No inventory. No customer service. No product creation. You're essentially a matchmaker — connecting people who have a problem with a product that solves it.

How the Mechanics Work

  1. You join an affiliate program and receive a unique tracking link
  2. You publish content that includes your affiliate link (article, video, email, social post)
  3. A reader clicks your link and lands on the merchant's site
  4. If they purchase within the cookie window (often 30–90 days), you earn a commission
  5. The merchant pays you on a regular schedule (monthly is most common)

Types of Affiliate Programs

Program Type Commission Structure Examples
Pay Per Sale (PPS) % of the sale price Amazon Associates, most e-commerce programs
Pay Per Lead (PPL) Flat fee per signup/form Insurance, finance, SaaS free trials
Recurring Commissions % every month the customer stays SaaS tools, subscription boxes
Pay Per Click (PPC) Fee per click (rare today) Some ad networks

Choosing the Right Niche

Affiliate marketing works best when there's genuine alignment between your content, your audience's interests, and the products you recommend.
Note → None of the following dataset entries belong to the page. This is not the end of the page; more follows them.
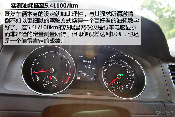 而假如把1.2TSI作如上的了解,那真有生产厂家所描述并预估的那样节油吗?说真话,还真有!在试架全过程中的往返道路,大家刻意用大部分人的安全驾驶方法检测了一下高尔夫球1.2TSI的综合性耗油量,結果在髙速和拥挤道路各占半的全线中测得了5.4L/100km的平均油耗(车载电脑显示信息),尽管還是要比国家工信部5.1L/100km的数据信息要高,但也确实十分叫人意外惊喜了。
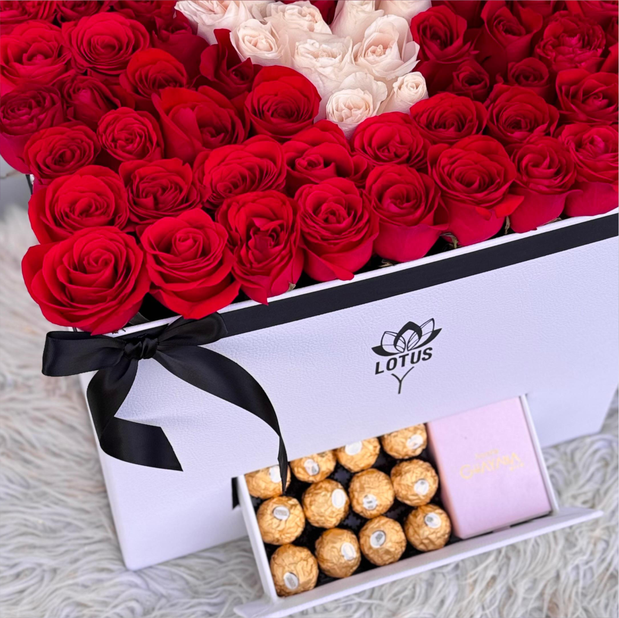 Su compartimiento de dulces complementa la experiencia con un toque de ternura y sabor, haciendo de este detalle el regalo perfecto para aniversarios, propuestas, celebraciones importantes o fechas románticas.
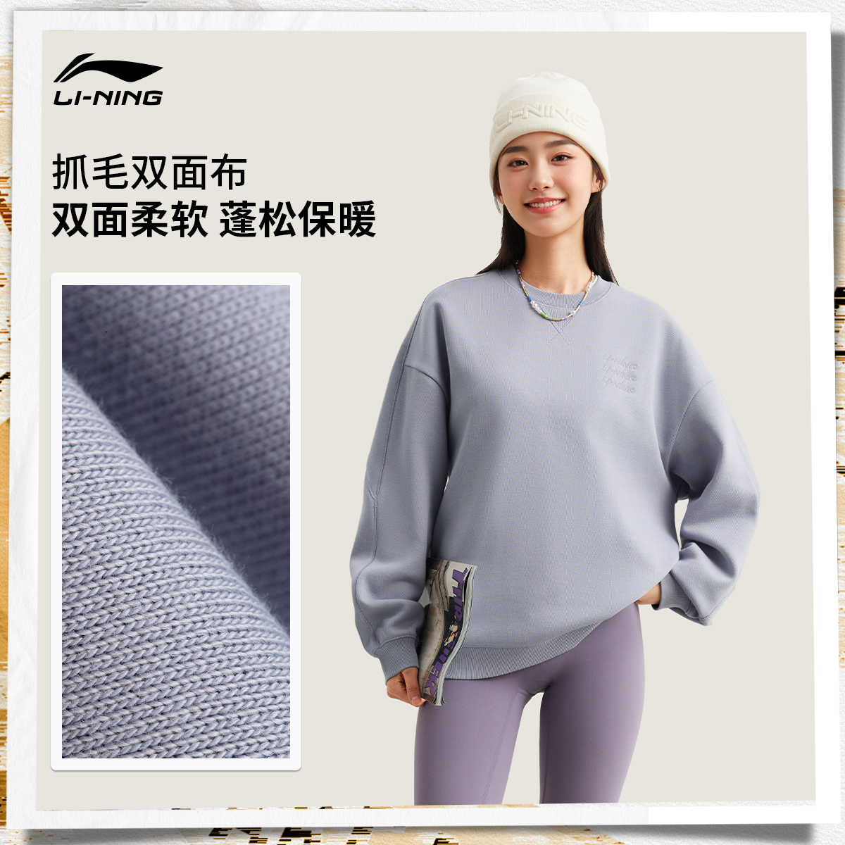情侣上衣 女加绒圆领套头衫 匹克卫衣秋冬新款 男运动服宽松休闲长袖
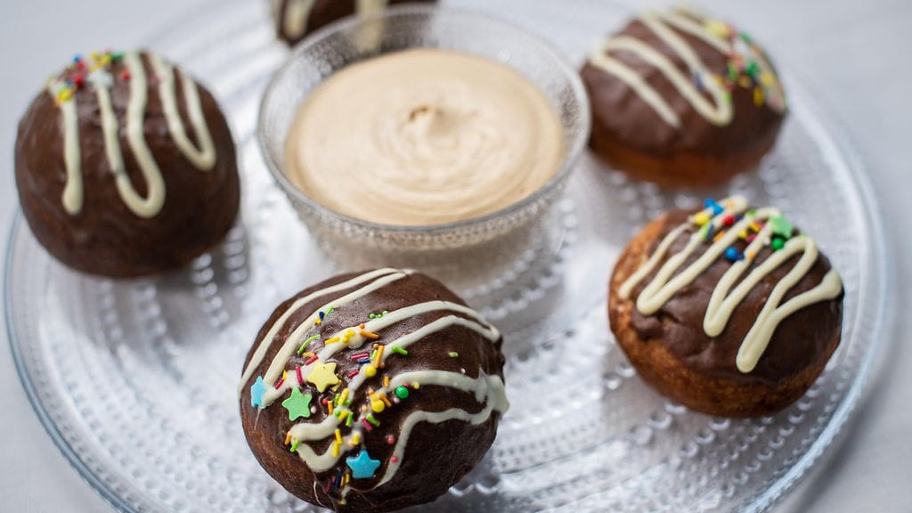 DONITSIT: Sekoita kylmä maito ja lämmin kahvi keskenään. Varmista, että seoksesta tulee kädenlämpöistä. Liota hiiva maitokahviseokseen. Lisää joukkoon sokeri, suola ja kananmuna. Sekoita joukkoon puolet vehnäjauhoista ja vatkaa taikinaa, jotta taikina saa ilmaa ja sitkoa muodostuu. Vaivaa joukkoon loput jauhot ja vaivaamisen loppuvaiheessa lisää pehmeä voi joukkoon. Kohota taikina noin 15 min. Kaulitse taikina noin 1 cm paksuiseksi ja leikkaa siitä 8 cm halkaisijaltaan olevalla muotilla 10 kpl donitseja. Kohota. Lämmitä öljy 180 asteiseksi. Paista donitsit öljyssä.
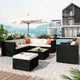 طقم خارجي عصري مكون من ركنة، كرسي، ترابيزة، وبوف، مصمم بإطار حديدي متين مطلي بدهان إلكترواستاتيك مقاوم للصدأ، مما يوفر متانة وحماية من العوامل الجوية. الطقم مجدول بخيوط راتان بيور عالية الجودة، مما يضيف لمسة طبيعية وأنيقة. مثالي للاستخدام في المساحات الخارجية ، حيث يوفر راحة واستجمام مع تصميم جذاب ومتين
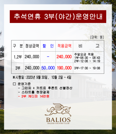 제목: 2020년 추석연휴 3부(야간)운영안내
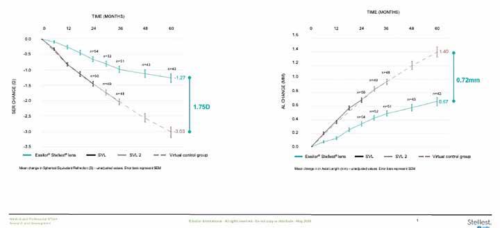 anno di sperimentazione clinica. Dai dati è emerso che le lenti Essilor® Stellest® hanno rallentato in media la progressione della miopia di 1,75 D*1 e l’allungamento assiale di 0,72 mm**1 nell’arco dei cinque anni per tutti i soggetti rispetto al gruppo di controllo che utilizzava lenti monofocali. Lo studio ha quindi fornito evidenze definitive sull’efficacia delle lenti nel rallentare ogni anno fino al quinto anno la progressione miopica nei bambini. I dati hanno inoltre dimostrato che l’efficacia sia nel rallentare la progressione della miopia che nell’allungamento assiale si è mantenuta anche nei bambini più grandi (fino a 18 anni). I soggetti che hanno completato il quinto anno di studio avevano infatti un’età compresa tra 13 e 18 anni.
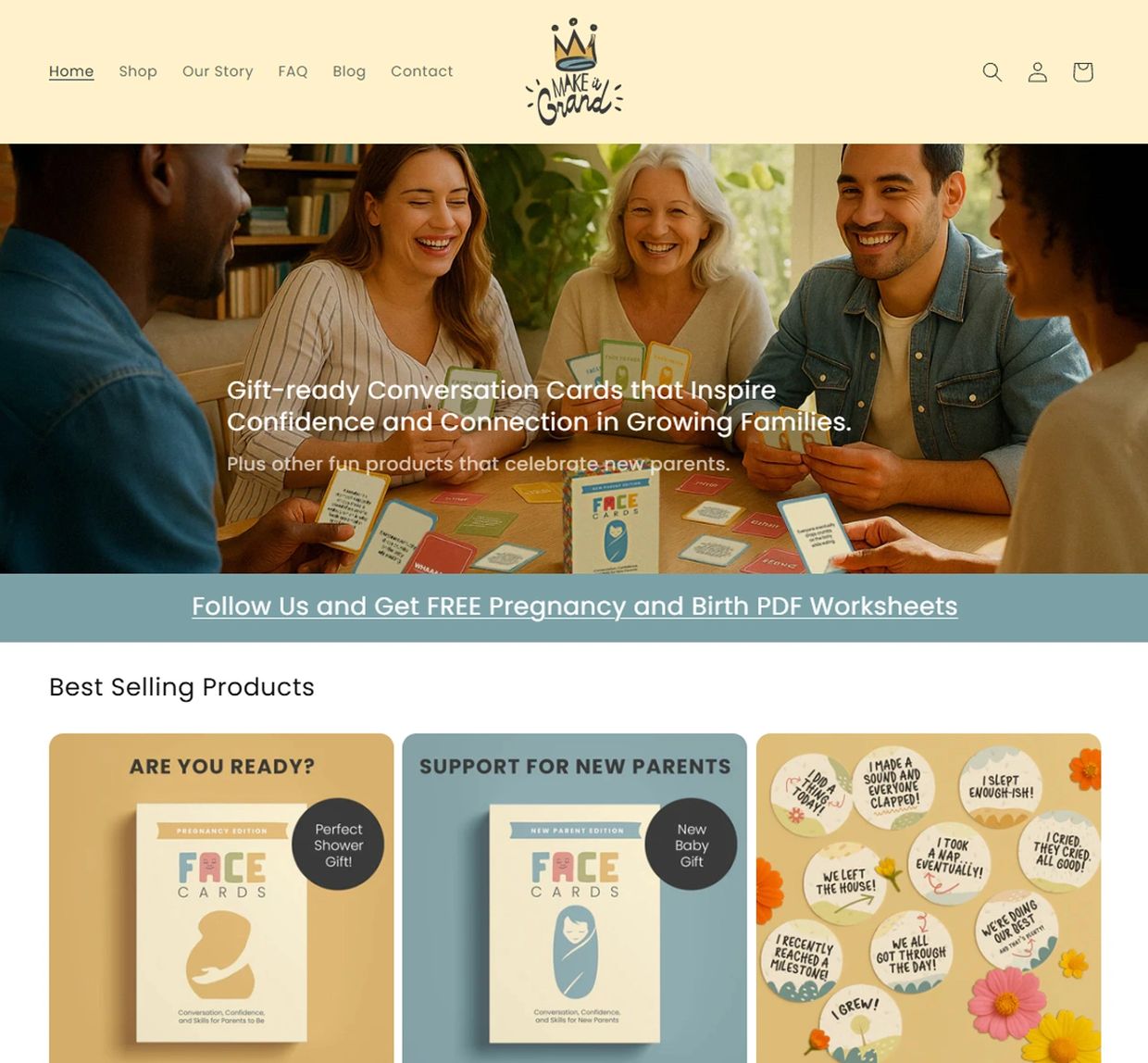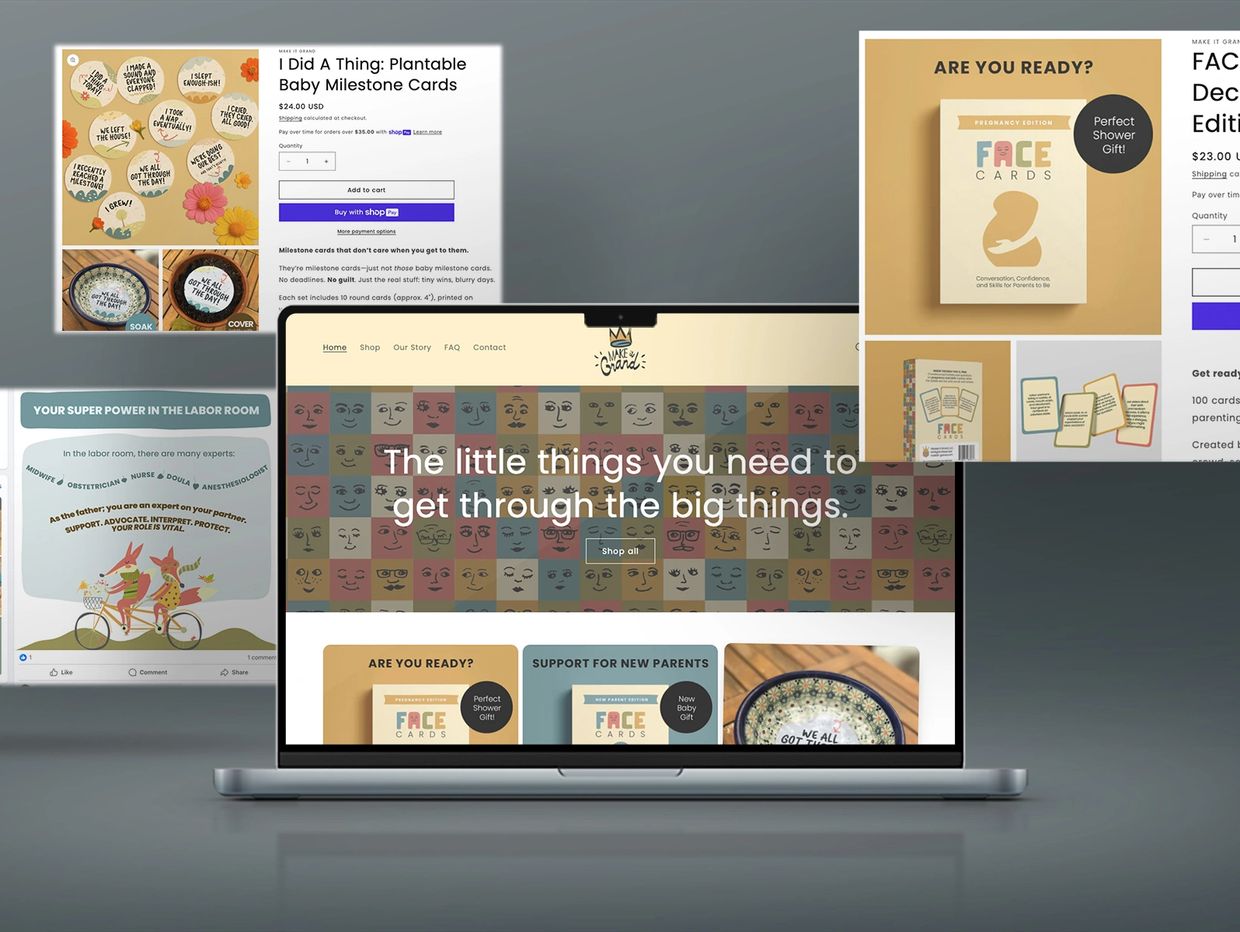 Developed the full visual identity, product design, and ecommerce experience for Make It Grand, a woman-owned brand creating thoughtful tools for new parents. Led design across packaging, Shopify storefront, and email flows, with a focus on clarity, warmth, and conversion. Built a cohesive content and marketing system to support launch across DTC, wholesale, and social. View Website

Chasing high-commission products in a niche you know nothing about is a common beginner mistake — your audience will see through it.

A good affiliate niche has three qualities:

  • You have genuine knowledge or interest — you can create credible, helpful content
  • People in the niche spend money — software, equipment, courses, and subscriptions all have affiliate programs
  • There are established affiliate programs — check Awin, ShareASale, Impact, or CJ Affiliate for options

Where to Find Affiliate Programs

Affiliate Networks

Networks aggregate hundreds of individual programs in one place, making it easy to apply and track earnings:

  • Amazon Associates — massive product range, low commissions (1–10%)
  • ShareASale — strong selection across many verticals
  • Impact — popular for SaaS and tech products
  • Awin — strong in Europe and retail
  • CJ Affiliate — established network with large brand programs

Direct Programs

Many companies run their own affiliate programs without a network. Search for "[product name] affiliate program" to find them. SaaS companies often have the most lucrative direct programs.
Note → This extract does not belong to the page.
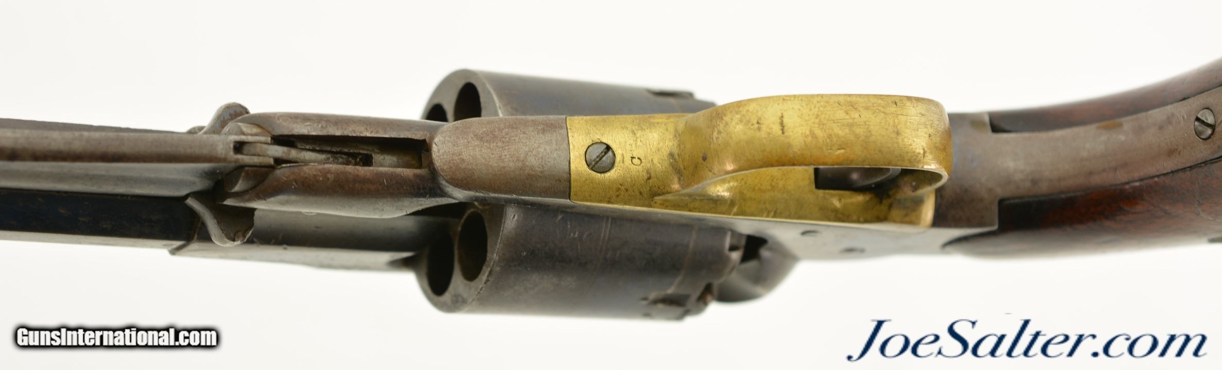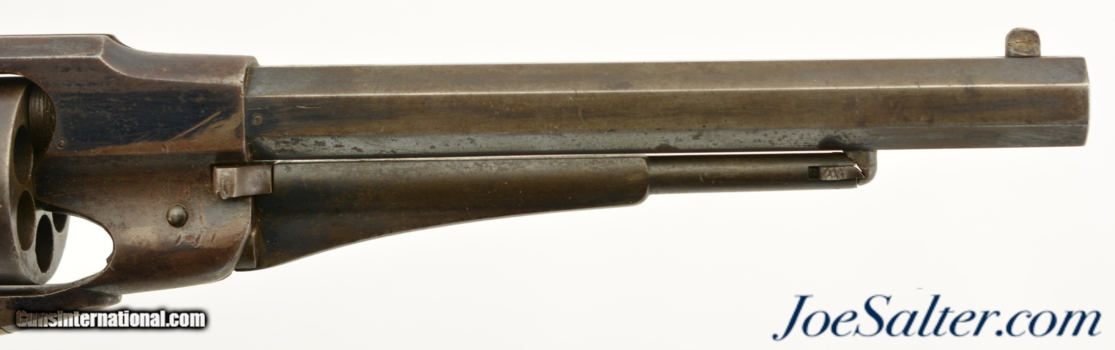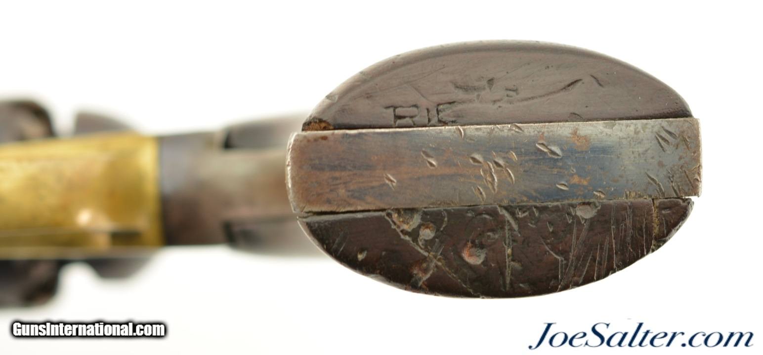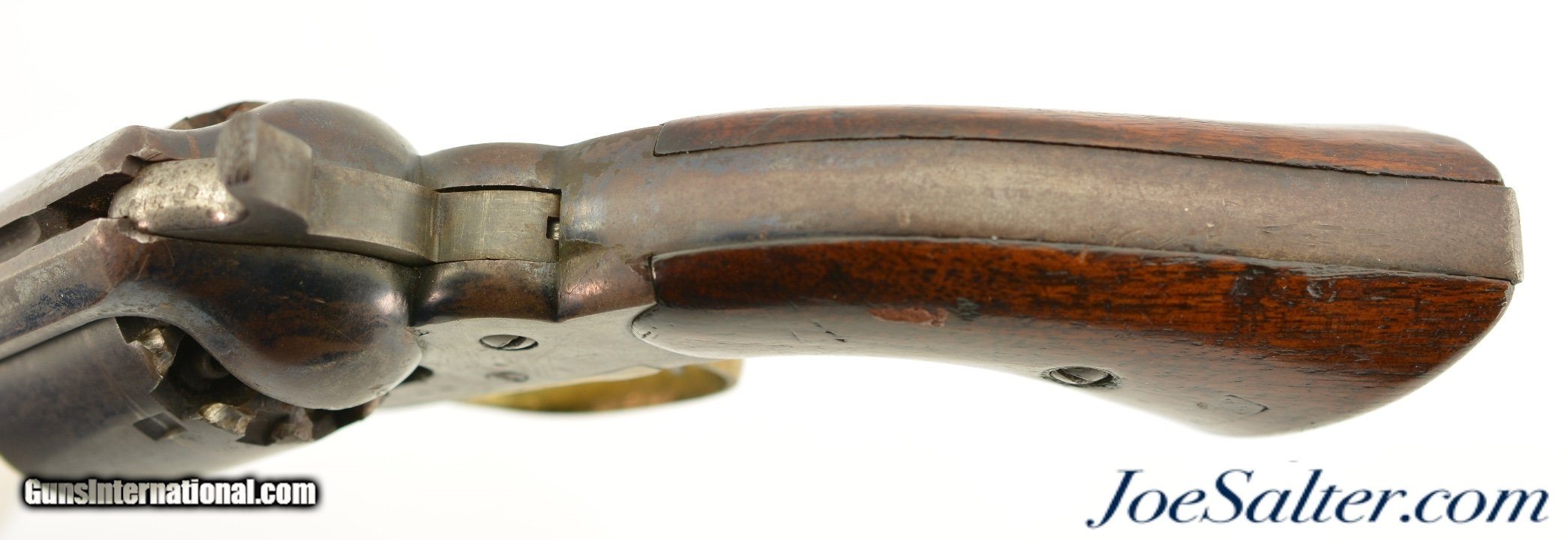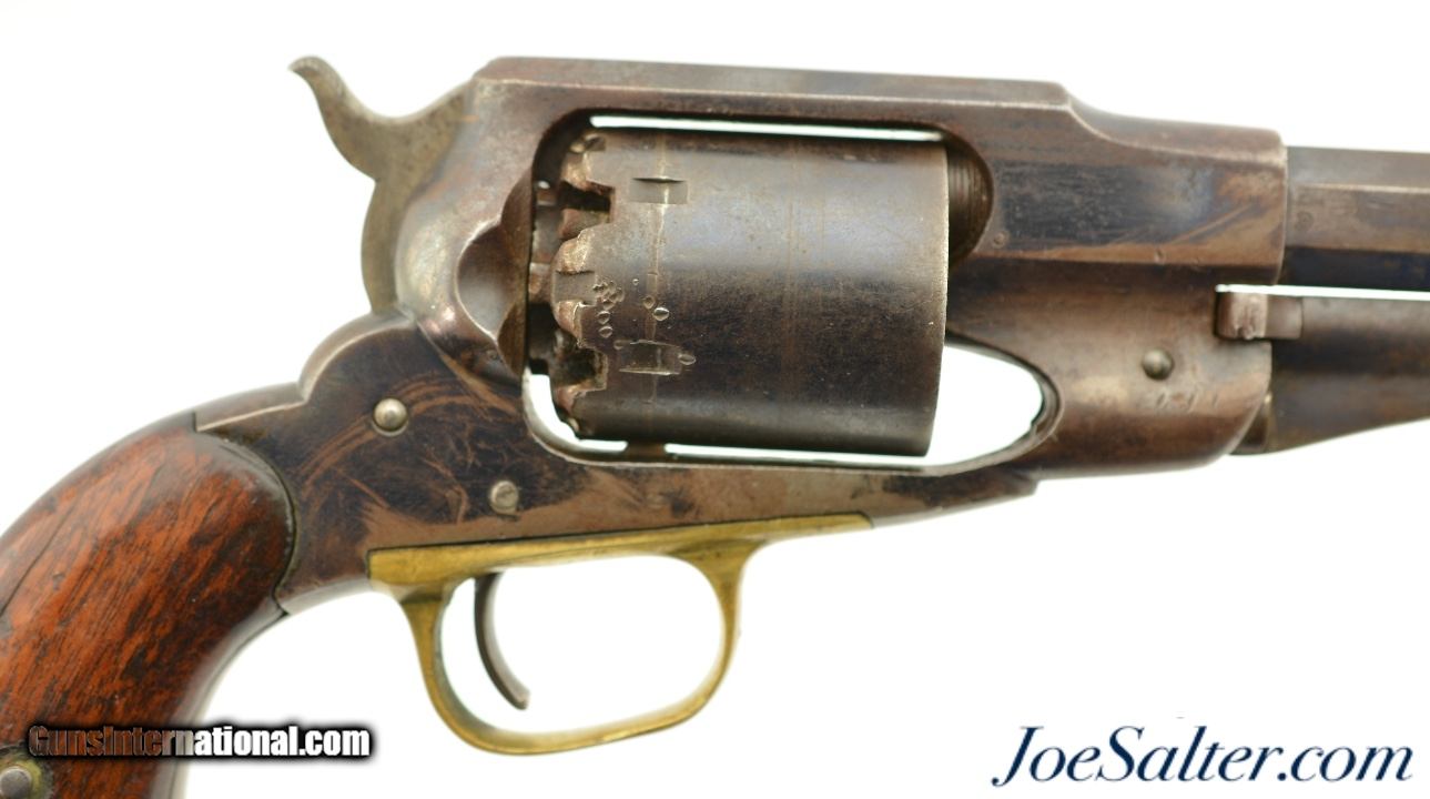 Description: Serial #46958, .44 Caliber, 8" octagon barrel with a very good bore that has some minor freckling within the grooves. This is a handsome revolver that retains 50-60% of the original bright blue finish with the balance flaked to a smooth, plum-brown patina that has scattered spots of mild freckling, as well as some small peen marks on the frame around and on the head of the cylinder pin. Surface scratches are present on the left side of the frame below the recoil shield, some further surface freckling is present on the cylinder and barrel, with traces of muted original color case-hardening still present on the hammer. The walnut grips are in good-very good shape with numerous handling marks present in the thick, added oil finish. The cartouche is still visible on the left panel, with . The lock-up is solid, and the action functions flawlessly. This revolver does not look like it was ever issued, or if it was, not to someone who carried very much in the field, and most of the finish loss is due to poor storage. This is a great, high condition example of a desirable Civil War revolver, and rates fine-near excellent overall. Antique SOLD |

Content Types That Convert for Affiliate Marketing

  • Review articles: In-depth, honest reviews of a single product
  • Comparison posts: "X vs Y: Which Is Better for [Specific Use Case]?"
  • Best-of lists: "Best Tools for [Niche]" targeting bottom-of-funnel keywords
  • Tutorial content: "How to use [Product] to achieve [Goal]"
  • Resource pages: A curated list of the tools and resources you use and recommend

The Non-Negotiable: Disclosure

In most countries, including the US (FTC guidelines) and UK (ASA guidelines), you are legally required to disclose affiliate relationships clearly. Always add a brief disclosure near the top of any content containing affiliate links — something like: "This article contains affiliate links. If you make a purchase through these links, I may earn a small commission at no extra cost to you."

Transparency also builds trust with your audience, which increases conversions in the long run.

Realistic Expectations

Affiliate marketing takes time. Most successful affiliate sites take 12–24 months of consistent content creation and SEO work before generating meaningful income. The upside is that well-ranked affiliate content can generate passive commissions for years. Think of it as building an asset, not collecting a paycheck.